# Stanley 40 scrub plane



## mikey78 (Jan 4, 2017)

Hello lumberjoks,
I'm an italian woodworker and I really like this community,
lot of informations tips and fun here !!!
From time to time I buy vintage tools and now I'm looking for a Stanley 40 scrub plane …
I've seen that basically there are two plane types :

- the first one (older) has got a beech front knob, this is higher and with a very noticeable taper at the base,
the casting has a narrow cross-rib cast between the two arched sides of the tool supporting the blade
- the second one (a later model) has got a different front knob, much more like a normal bench plane, 
without taper at the base, often stained with a dark color, the casting is different too,
because the iron's seat is T-shaped

All my vintage Stanley planes have the sweetheart blade with the so called ""AA" trademark,
so I decided to look for a Stanley 40 with the same trademark !!!
At this point I need your help, although I have very often seen the sweetheart "AA" trademark 
on the first type of scrub plane,
from time to time I see the same blabe on the later model, and this is very confuseing !!!

Because I do not own any guide to identify old tools and am having problem in my research
I would appreciate your help !!!
When did Stanley stopped producing the first casting and started with the second one ?
...or …
When I find a Stanley 40, first casting, tapered knob, with a sweetheart "AA" blade, is it original ?

Hope you can help me !!!


----------



## WayneC (Mar 8, 2007)

I'm not sure I have seen a Type Study for the Stanley #40. When ever it comes to the blade, they can be replaced. I bought one a little over a week ago. Now I will have to take a look at it.


----------



## mikey78 (Jan 4, 2017)

Thankyou WayneC for your reply,
I know blades can be switched from a tool to an other,
that is why I'm trying to understand when Stanley left the old casting for the new one !!!










This is the "AA" trademark, dating 1922 to 1935,
and I'd like to know if it is congruent with the first casting !!!


----------



## wflather (Jul 15, 2015)

Mikey,
If you are looking for a guide to Stanley planes, you can't get much better than this:
http://www.supertool.com/StanleyBG/stan0a.html

Happy browsing!


----------



## wflather (Jul 15, 2015)

Mikey,
You may find the reason why Stanley changed the casting here:
http://www.supertool.com/StanleyBG/stan5.htm#num40


----------



## mikey78 (Jan 4, 2017)

Thankyou wflather,
I already knew supertool.com, a very good web resource planes in general !!!
But the best resource I've found for dating Stanley bench planes is hyperkitten.com,
unfortunately not nearly as good for the Stanley scrub plane !!!
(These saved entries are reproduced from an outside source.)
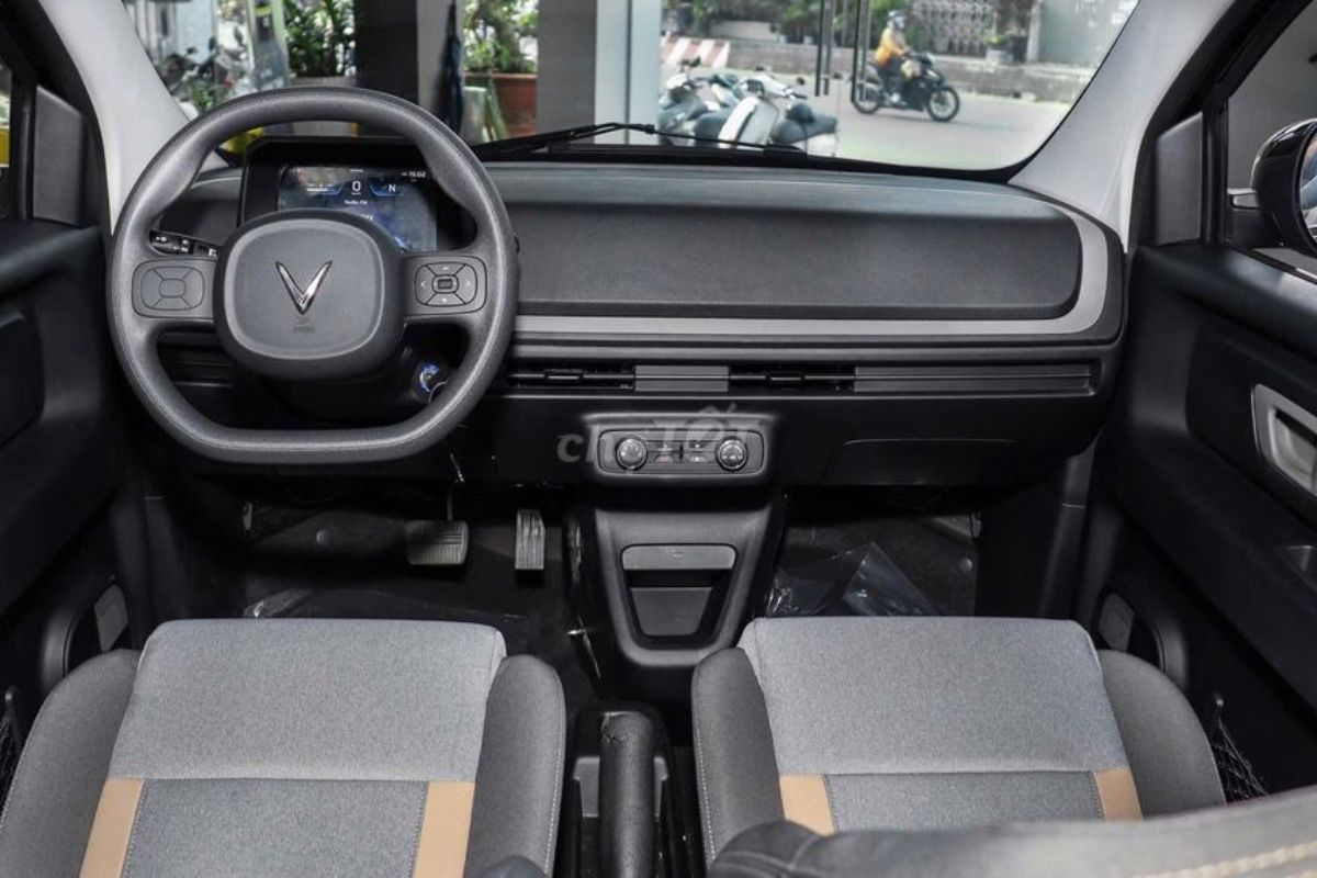 Trong phân khúc xe điện mini, nội thất xe Vinfast Minio Green không theo đuổi sự xa hoa với các chất liệu như da Nappa hay ốp gỗ. Thay vào đó, VinFast tập trung vào sự tinh gọn để giảm trọng lượng xe và tối ưu chi phí sản xuất. Toàn bộ bảng táp-lô được thiết kế phẳng, giúp mở rộng tầm nhìn phía trước, một yếu tố cực kỳ quan trọng giúp người mới lái dễ dàng căn chỉnh xe khi đi vào đường hẹp.
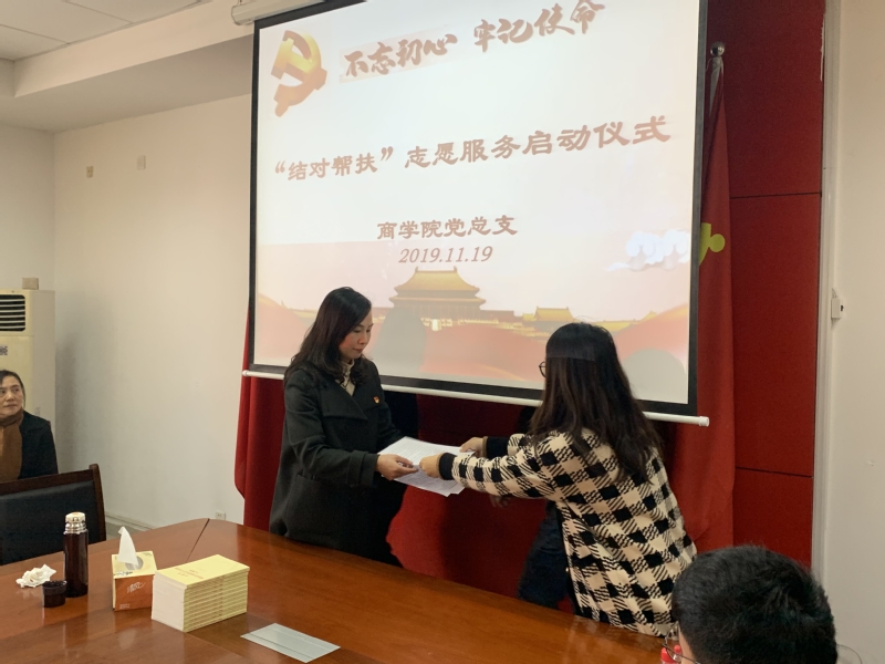 为贯彻落实“不忘初心、牢记使命”主题教育活动,引导广大党员教师从小事做起、从身边事做起,用实际行动践行“初心”和“使命”,商学院党总支组织开展了针对玉屏籍少数民族学生的“结对帮扶”志愿服务活动。活动启动仪式于11月19日下午在商学院会议室举行。
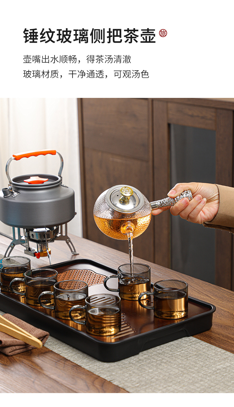 車載屋外ガラス茶器キャンプ囲炉裏煮茶携帯旅行茶器セット湯たんぽセット
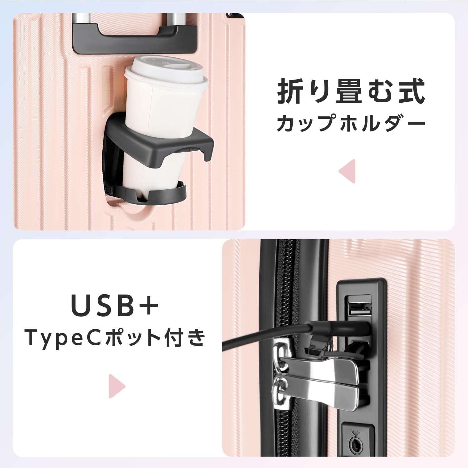 【2022最新】[JOLISTAR] スーツケース キャリーケース キャリーバッグ 機内持込 ABS+PC 耐衝撃 大容量 大型 超軽量 静音 ブレーキ機能 ダブルキャスター Type-C&USBポート カップホルダー 隠しフック 360度回転 ストッパー付き ファスナータイプ スマホスタンド おしゃれ 旅行 ビジネス 出張 修学 泊まる 入院 | allureshop

On Supertool I can find the reason why Stanley changed the casting but not when the thing happened !!!
thankyou anyway !!!


----------



## wflather (Jul 15, 2015)

I would suggest contacting Patrick Leach directly and see if he knows, he's usually pretty good about responding to requests. He also has a monthly tools for sale email that you can subscribe to.

Patrick Leach: [email protected]


----------



## mikey78 (Jan 4, 2017)

Thankyou wflather it's very kind of you !!!
I'm sending an email to Patrick right now and will let you know his answer !!!


----------



## mikey78 (Jan 4, 2017)

Ok,
Mr Leach is an extremely kind person 
and quickly replied to a couple of email !!!
He said : " I don't know the exact date/year, but it seems to be somewhere between 1925 -1930 " 
At this point I think I can correctly find the "AA" trademark on both castings !!!
Thankyou guys for your help, I really appreciate !!!


----------



## GlenintheNorth (Dec 6, 2016)

For posterity and to help with future searches,

Stanley and just about every other manufacturer never threw away spare parts. When a change was made they'd use up what they had on hand, often not bothering to use up what they had first before starting with the next batch. You can find tools with parts on them that are 5-10 years older than the rest in some cases! It confuses us now 100 or so years later, but for them it was par for the course.


----------



## MrWillButler (May 5, 2020)

Has any seen a Stanley Scrub planes that are the size of Block planes 6 1/2" and 6" Stanley Defiance, I have researched for a while and cant find anything on them. I came across these two planes on ebay. The only branding is on the Blade of the large plane that says Stanley Defiance


----------